企業側が求める「Excel使えます」は、セルに文字が入力できるとか、SUM関数で足し算ができるということではありません。膨大なデータをどう調理するか、という話になります。調理できる方法を知っている、なぜその調理方法が良いか説明できる、そのような能力があれば、どこでも重宝されます。頭ではわかっていても、それをExcelで実現する方法がわからない、という方もいますので、この資格をとおして二歩三歩先に進んでいきましょう。
リスキリングにおすすめの学習リソース
- オンライン学習プラットフォーム:Udemy、Schoo
- 資格試験対策:TACや早稲田アカデミーなどの通信講座
- 書籍:入門書から実践書まで、レベルに応じて選択
「キャリアコンサルタント資格」取得に向けて
わたしがおすすめする「キャリアコンサルタント資格」は、国家資格です。
誰でも受験することができますが、実務経験がない方は、受験資格として「厚生労働大臣が認定する講習の課程を修了」する必要があります。そのうえで、技能検定キャリアコンサルティング職種の学科試験又は実技試験に合格することが要件です。

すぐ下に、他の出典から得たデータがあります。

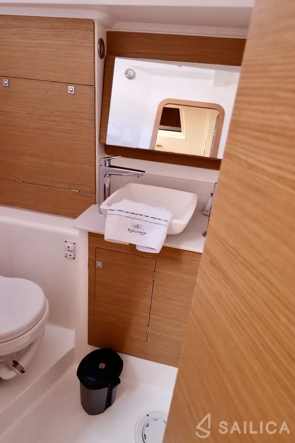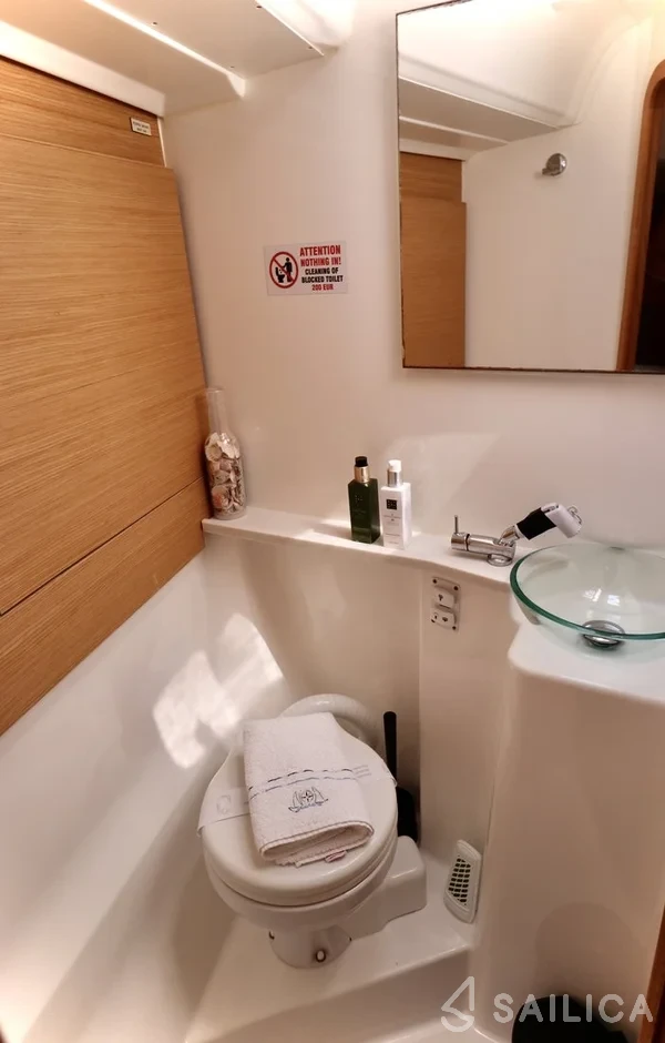This yacht can comfortably accommodate up to 8 guests, it contains 4 cabins, and 4 WC (toilet).

厚生労働大臣が認定する講習は、いくつかの企業が実施しています。資格取得に興味がある方は、複数の企業の情報を比較して決めるのがおすすめです。
わたしは家から通いやすい点で、「特定非営利活動法人キャリアカウンセリング協会」を選択しました。ここで一緒に勉強した方々とは今でもつながって情報交換しています。幅広い年齢の方と交流できたため、資格取得以外のことでもたくさん勉強になりました。
そのほかには、すべてオンラインで完結できる「一般社団法人地域連携プラットフォーム」もあります。わたしはコロナ禍前だったため、当然のように対面相談しか勉強しませんでしたが、最近はキャリア相談がオンラインになっているところが多くあります。そのため、オンライン相談にまだ慣れておらず、正直苦手としています。。学習の段階からオンラインであることは、今後の情勢を考慮すると強い武器になると思います。
また、教育訓練であるため給付金支給を申請できますが、企業によりベースとなる講習費用が異なります。わたしが通ったところは、他社と比較すると高めでした(あとで知りました…)。費用も決して安いものではないため、ここも十分に比較して決定することをおすすめします。
リスキリングは、キャリアを自分でコントロールするための当たり前の選択肢になってきています。「いつか始めよう」ではなく、今日から小さな一歩を踏み出してみませんか?きっと1年後の自分は、今の自分に感謝するはずです。
自分の市場価値を高め、将来の可能性を広げるリスキリング。あなたもぜひチャレンジしてみてください!